Department of Library Information & Archive Sciences

Radical Acceptance in the Archive

Radical Acceptance in the Archive

Radical Acceptance in the Archive: Emotions in Acquiring, Stewarding, and Letting Go of Collections
Kristen J. Nyitray, Special Collections and University Archives, Stony Brook University 
Dana Reijerkerk, University Library, Stony Brook University
Abstract
While trauma-informed archival practice is emerging as an emphasis of scholarship, there is no research corpus attending to the emotions experienced by archivists in collection stewardship work. The authors contemplate if the benchmarks for archivists articulated by the Society of American Archivists contribute to a nexus of emotional labour in collection strategy and management including acquisitions, processing, promotion, and preservation. In this construct, the research emplaces emotional labour as an interface between personal selves and the society’s “expectations for professional actions and engagement.” 
The authors recast the skill of “radical acceptance” in archival contexts as an interdisciplinary paradigm of resilience that honours the spectrum of emotions embedded in and induced by collection stewardship.

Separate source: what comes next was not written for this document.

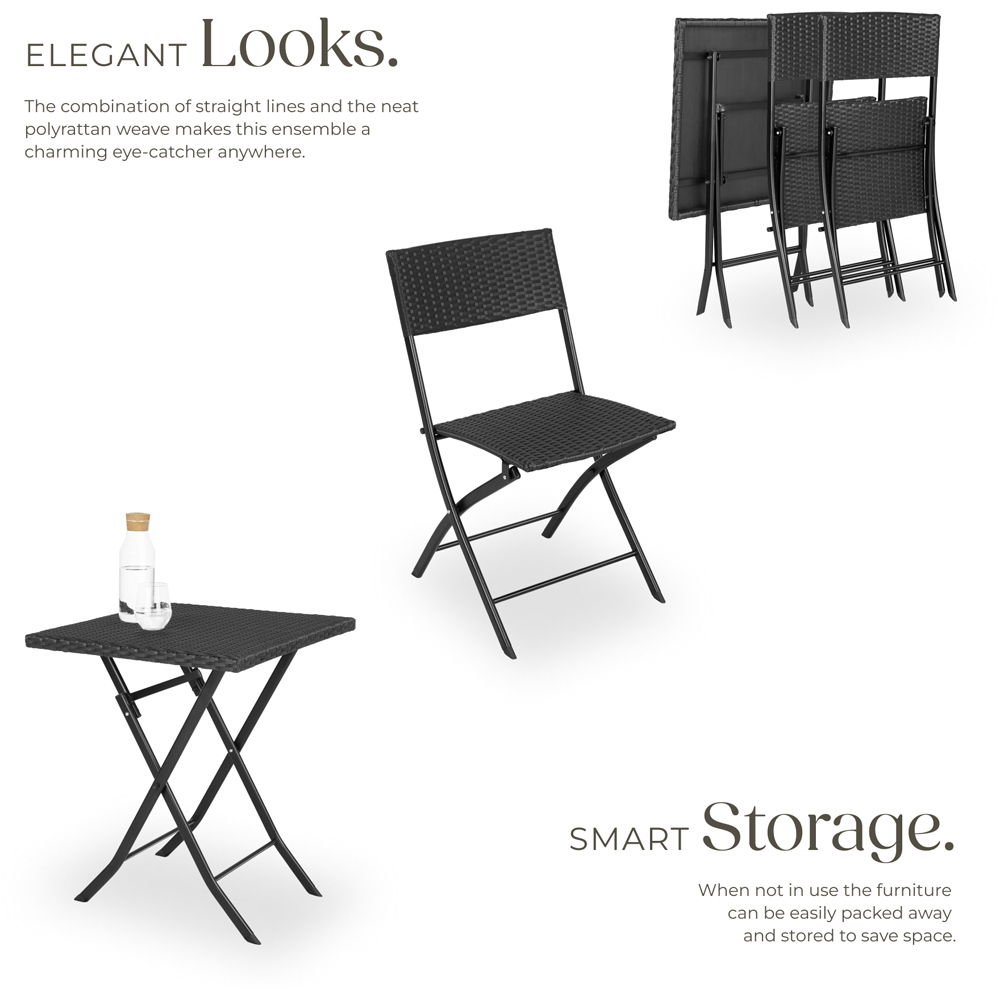 This three-piece rattan garden furniture set from tectake is sure to impress with its chic look, flexibility and comfort. The sets of two chairs and a table make it perfect for enjoying an outdoor dining experience in the sun with a loved one. The compact seating set is ideal for a home with a patio or balcony. When not in use, the individual elements can simply fold up for storage. The table and both chairs are made from powder-coated steel, while the fine woven elements are made from durable poly rattan and are delivered pre-assembled. The combination of a robust frame and lightweight design make this low-maintenance rattan set perfect for transport and camping. Enjoy a romantic meal in the great outdoors with this rattan garden furniture set from tectake.

Informed by psychological research, including Arlie Russell Hochschild’s concept of “emotional labour” and Panikkos Constanti and Paul Gibbs’ emotional labour framework, they underscore the question: How can archivists actualize emotional agility at work? With radical acceptance, archivists can reclaim agency by regulating feelings of attachment and perceived control in curatorial decisions when acquiring, stewarding, and letting go of collections. 
Bio notes
Kristen J. Nyitray is Director, Special Collections and University Archives, and University Archivist at Stony Brook University.
Dana Reijerkerk is the Knowledge Management and Digital Assets Librarian at Stony Brook University.